As Houellebecq's narrator says: "It may well be impossible for people who have lived and prospered under a given social system to imagine the point of view of those who feel it offers them nothing, and who can contemplate its destruction without any particular dismay."
The narrator is Francois, a middle-aged Paris literature professor with no lasting attachments, little interest in politics and a fascination with the 19th century writer J.K. Huysmans, the subject of his dissertation. Mired in a series of unsatisfactory relationships with students and prostitutes, Francois may be standing in for an entire civilization when he asks, "Should I just die? The decision struck me as premature." He views the rise of the Brotherhood with bemused detachment until it becomes clear that an Islamic government will directly affect his teaching position.

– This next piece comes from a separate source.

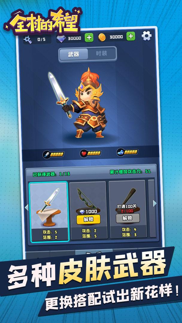 全村的希望这个梗之前非常的火,全村的希望手游则是一款玩法偏休闲的冒险闯关小游戏,游戏以勇士冒险为主题,讲述了智勇双全的你带着全村人的希望勇闯险境的故事,同时还有超多的武器和皮肤等你来解锁!

Where other authors might have loaded this tale with violence and political caricature, Houellebecq sticks to ideas and intimate relationships. Gunshots pop, but only in the background.
In fact, the Islamic party's rise seems so effortless that it becomes at times hard to swallow, even as fiction. Would France really submit to women being excluded from secondary education? Or requiring professors to convert to Islam? In the novel, women leave the workforce in droves in favor of a generous family subsidy, driving down the unemployment rate.
There is a kind of demographic determinism at work that can seem too trite, as when Francois defends the patriarchal societies of old: "There were families with children, and most of them had children. In other words, it worked, whereas now there aren't enough children, so we're finished."
Houellebecq's relationship with Islam is fraught. In his 2000 novel, Lanzarote, a narrator who is looking for a place to vacation says, "Arab countries might be worth the effort … if we could just liberate them from their absurd religion." In Submission, Francois takes a more accommodating approach. Houellebecq himself is quoted as saying the novel is not Islamophobic but a social commentary.
As usual, the author's winning prose is studded with bitter wit and imagery, as when a former lover who has aged poorly is likened to "a bird in an oil slick" who "had retained, if I can put it this way, a superior ability to flap her wings." When Francois leaves Paris to escape potential unrest, he goes to the southwest. "I knew next to nothing about the southwest, really, only that it was a region where they ate duck confit, and duck confit struck me as incompatible with civil war." When he gets back to Paris, all the women are in pants.
"If Islam is not political, it is nothing," according to Ayatollah Khomeini, who is quoted at the beginning of the novel's final section. Where Houellebecq runs with that idea will leave many readers fascinated and alarmed.